While he still stood looking down upon her Viola began to moan and toss her head from side to side.

"She is waking," cried Mrs. Lambert. "Let me go to her."

"No!" commanded Weissmann, "disturb nothing till we have examined all things."

"Make your studies quickly," said Morton, his heart tender to the girl's sufferings. "We must release her as soon as possible."

Weissmann was not to be hastened. "If we do not now go slowly we lose much of what we are trying to attain. We must take her pulse and temperature, and observe the position of every object."

"Quite right," agreed Clarke, "Do not be troubled--the psychic is being cared for."

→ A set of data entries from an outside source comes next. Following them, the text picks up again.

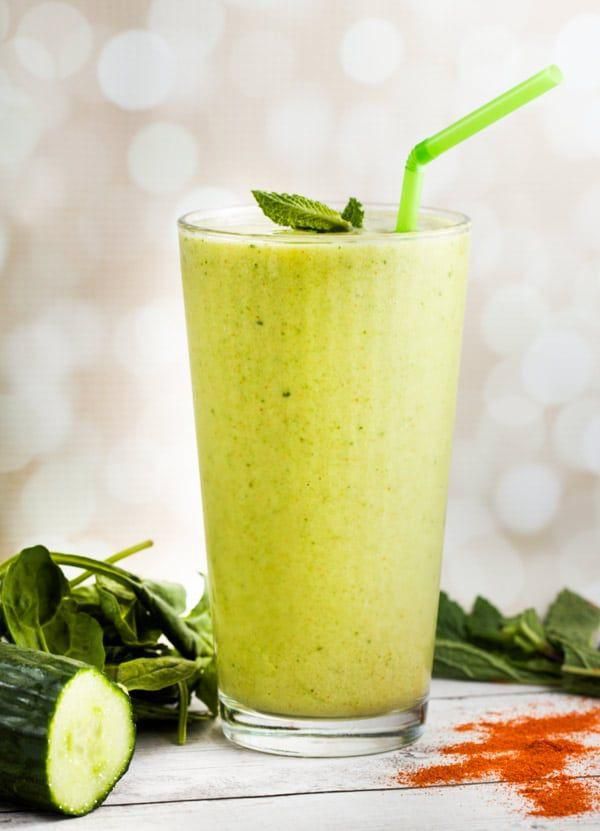 Mango Cucumber Lime Smoothie Sweet mango, refreshing cucumber, and zippy lime make every sip of this smoothie interesting. GET THE RECIPE Per serving: 170 calories, 4.6 g fat, 49.1 mg sodium 33.5 g carbs, 28.2 g sugar, 2.6 g protein Courtesy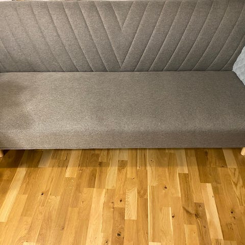 Bäddsoffa med flyttbar divan från IKEA, ”Friheten” i färgen Skiftebo mörkgrå. Det finns förvaringsutrymme och det ingår en bäddmadrass i nyskick, endast använd en gång. Sofftyget är utan fläckar. Det finns en katt i hemmet, så på några ställen vilket framgår i bilden finns små små trådar som klösmärken men inget som syns direkt vid första anblick. Säljes demonterad.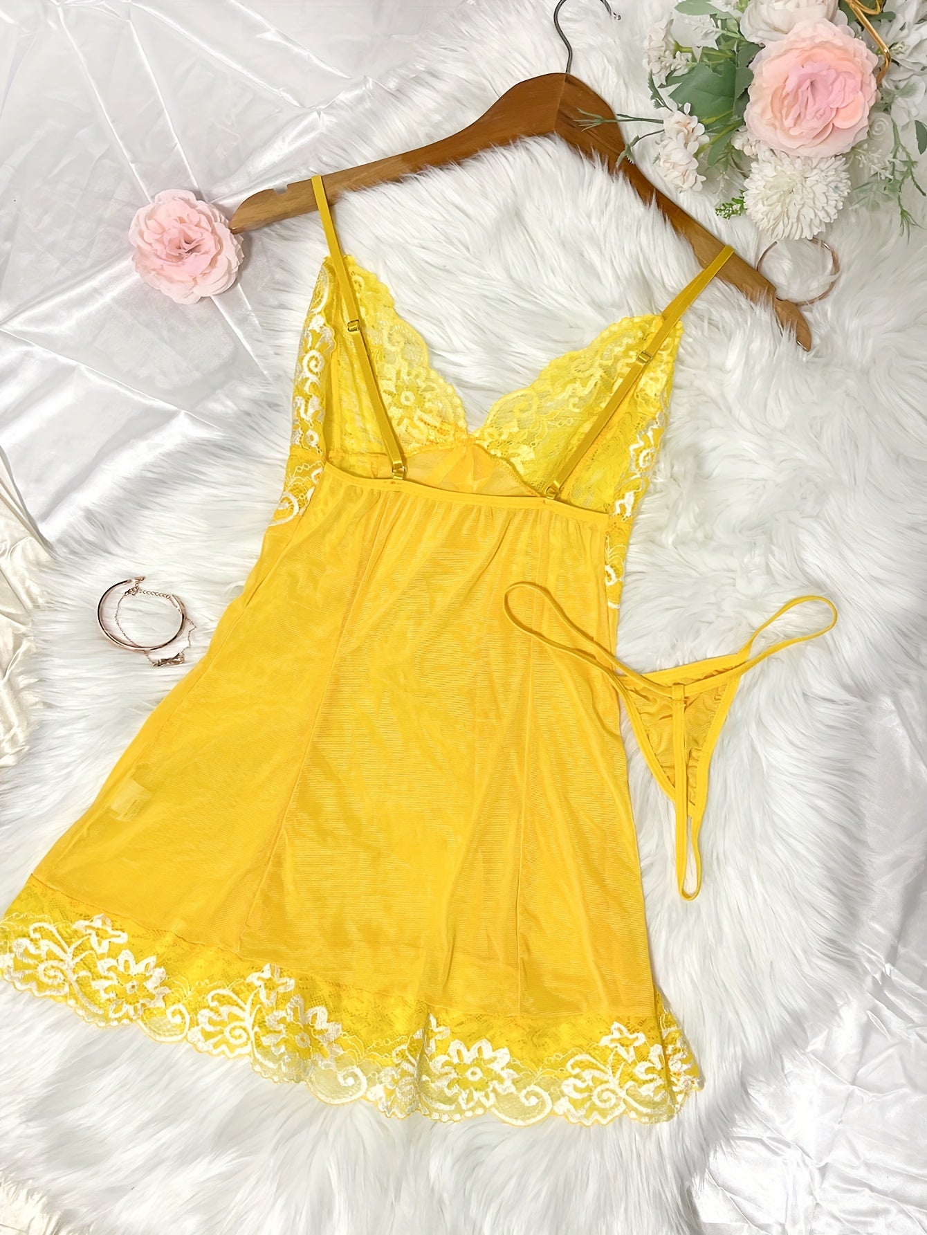 Women's Lace Lingerie Set with Thong and Adjustable Straps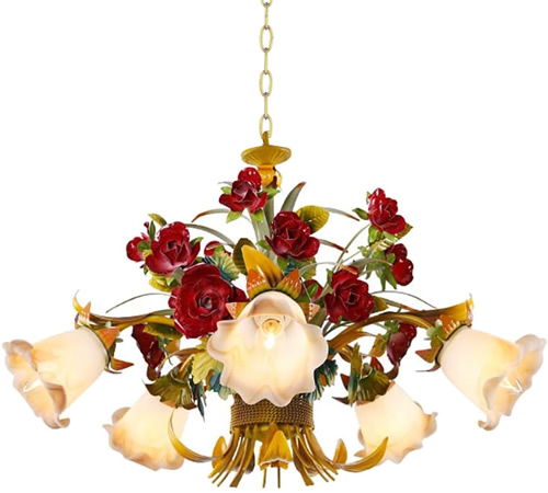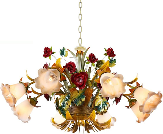 AF Lighting 7050-6H Ramblin' Rose Small Italian Tole Chandelier

Thus reassured the two investigators scrutinized, measured, made notes, while Kate and Mrs. Lambert stood waiting, watching with anxious eyes the changes which came to Viola's face. Weissmann talked on in a disjointed mutter. "You see? She has no pulse. The threads are unbroken. The table is thirty inches from her finger-tips. Observe this pad, forty-eight inches from her hand--and which contains a message."

"Read it!" demanded Kate.

He complied. "'You ask for a particle of matter to be moved from A to B without the use of any force known to science. Here in this wineglass is the test. Oh, men of science, how long will you close your eyes to the grander truths.'"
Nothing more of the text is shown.